For simple parent checks, Power Fx works. For complex graph traversals, either denormalize the needed field onto the current table (via a rollup or plugin) or keep the command in Ribbon Workbench.

Button placement customization. Ribbon Workbench lets you specify exact positioning: "place this button to the left of Save, in the Actions group." Command Designer's placement controls are more limited - you pick a group, not an exact slot. If pixel-perfect placement matters, Ribbon Workbench retains an edge.

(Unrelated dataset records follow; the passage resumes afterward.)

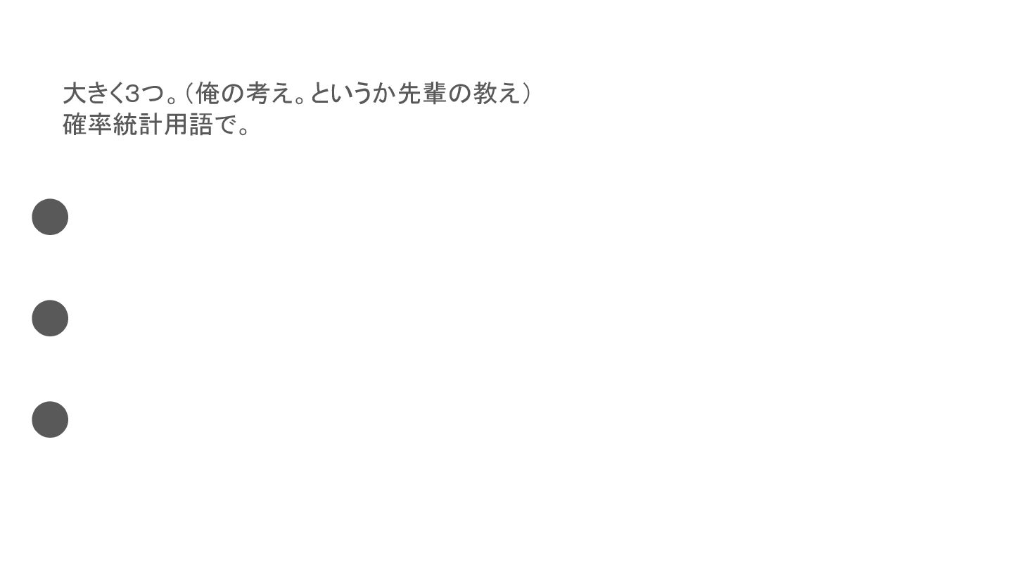 - 再現性 大きく3つ。(俺の考え。というか先輩の教え) 確率統計用語で。
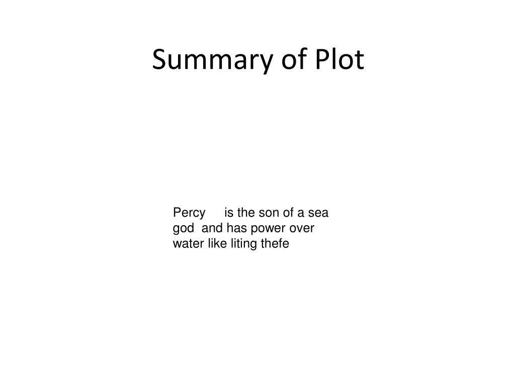 Summary of Plot Percy is the son of a sea god and has power over water like liting thefe
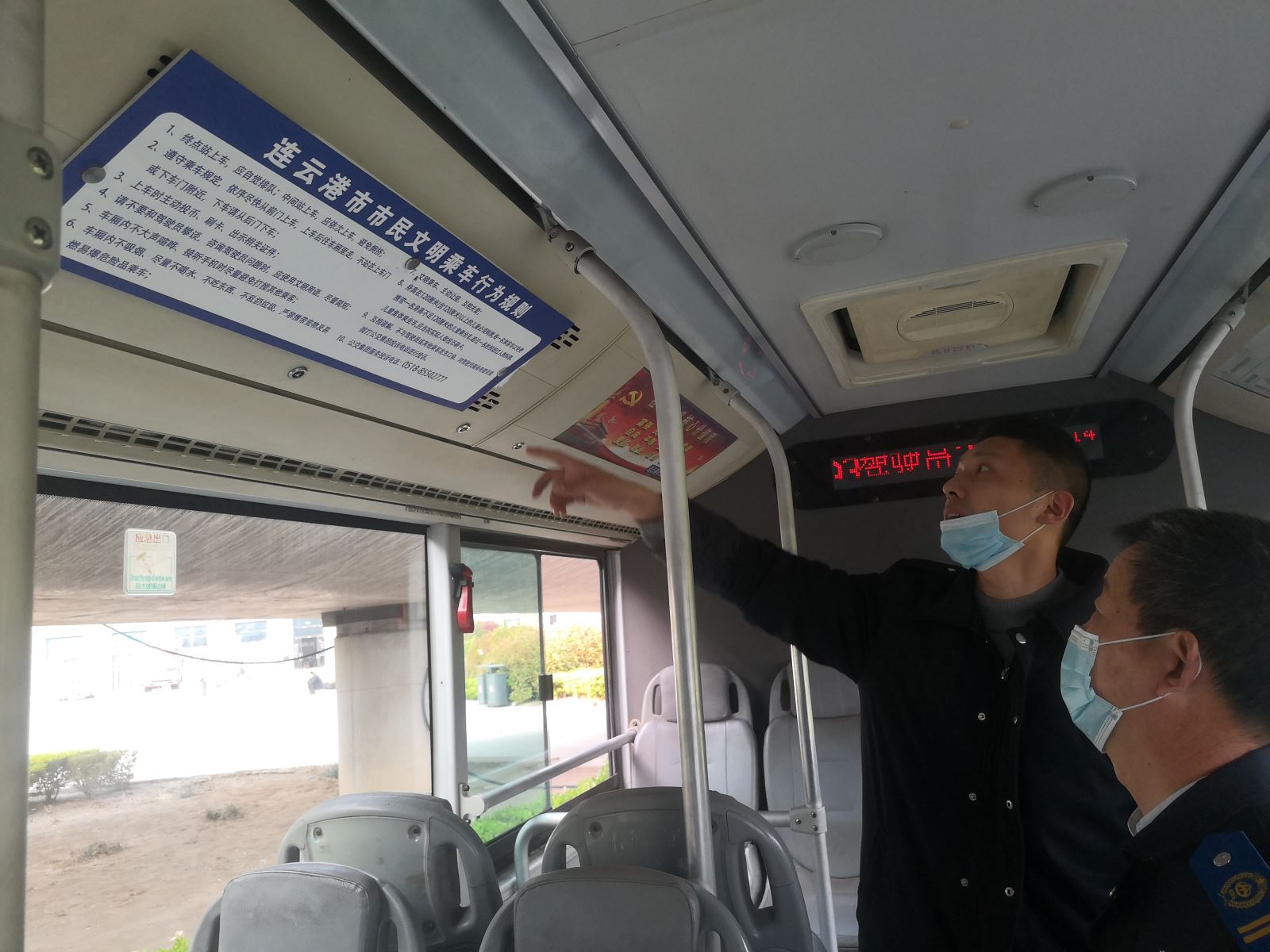 此次檢查由公司經理助理張作、周健帶領分公司管理人員分別到園丁小區公交場站、海濱大道首末站開展創文綜合大檢查。此次檢查分兩大部分:一是對場站環境、辦公室場所進行專項檢查。二是對運營車輛的衛生、創文標識、服務證件及駕駛員著裝、是否規范操作等開展專項檢查。檢查人員發現場站內有少許煙頭和樹葉等垃圾,部分管理人員辦公室較凌亂,車輛車廂空調出風口、駕駛區域、發動機倉還存在衛生死角,另現在天氣早中晚溫差較大,部分駕駛員著裝不規范,檢查人員都認真做好記錄,能現在整改的立即現場整改,不能整改的要求限期整改。
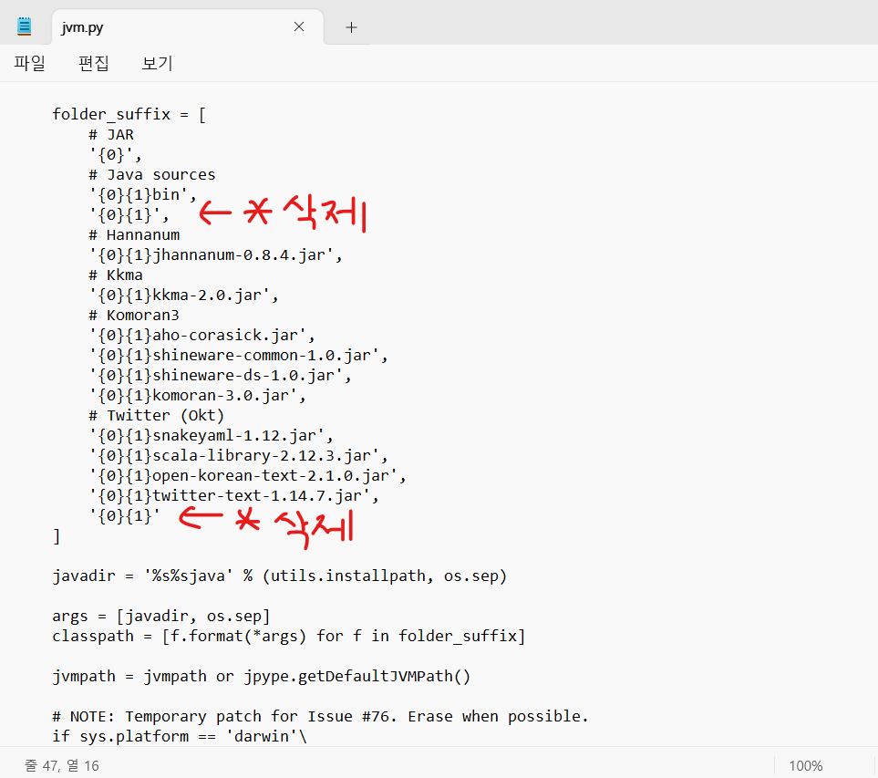 - jvm.py 파일 내에 별표시(*) 삭제하기
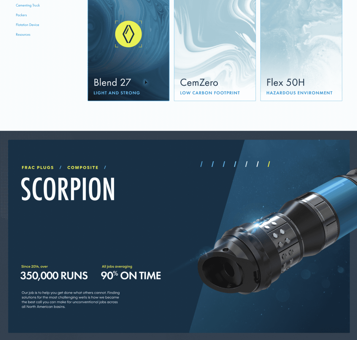 This is best exemplified in the cards for Nine’s cementing slurries, which were given icons and descriptions of their ideal use-case.

The one gotcha: solutions and ownership

Command Designer commands ship in the solution via new commandDefinition and commandComponent entities. Ribbon Workbench customizations ship via ribbon XML on the entity or application.

When both tools have touched the same entity's ribbon, solution imports can get confused. The safe pattern:

  • One tool per entity's ribbon at a time. If migrating, finish the entity before moving on.
  • Keep managed-solution layering in mind. A Ribbon Workbench customization from an older managed layer plus a Command Designer customization from the current solution can produce unpredictable behavior at runtime.

The one-year outlook

Microsoft's direction is toward Command Designer as the canonical tool. New command-related features (command bar on Canvas components, AI-assisted command generation) are shipping to Command Designer first.

Ribbon Workbench will remain supported for the foreseeable future as long as classic command bar exists, but the feature gap is widening. For any project with a five-year horizon, investing in Command Designer skills over Ribbon Workbench is the right bet.

If you have a Ribbon Workbench-heavy codebase, start migrating the commands you touch anyway on feature work. Don't do a big-bang migration unless you are already upgrading the app for other reasons. Incremental migration is the path that has worked across three projects we have moved.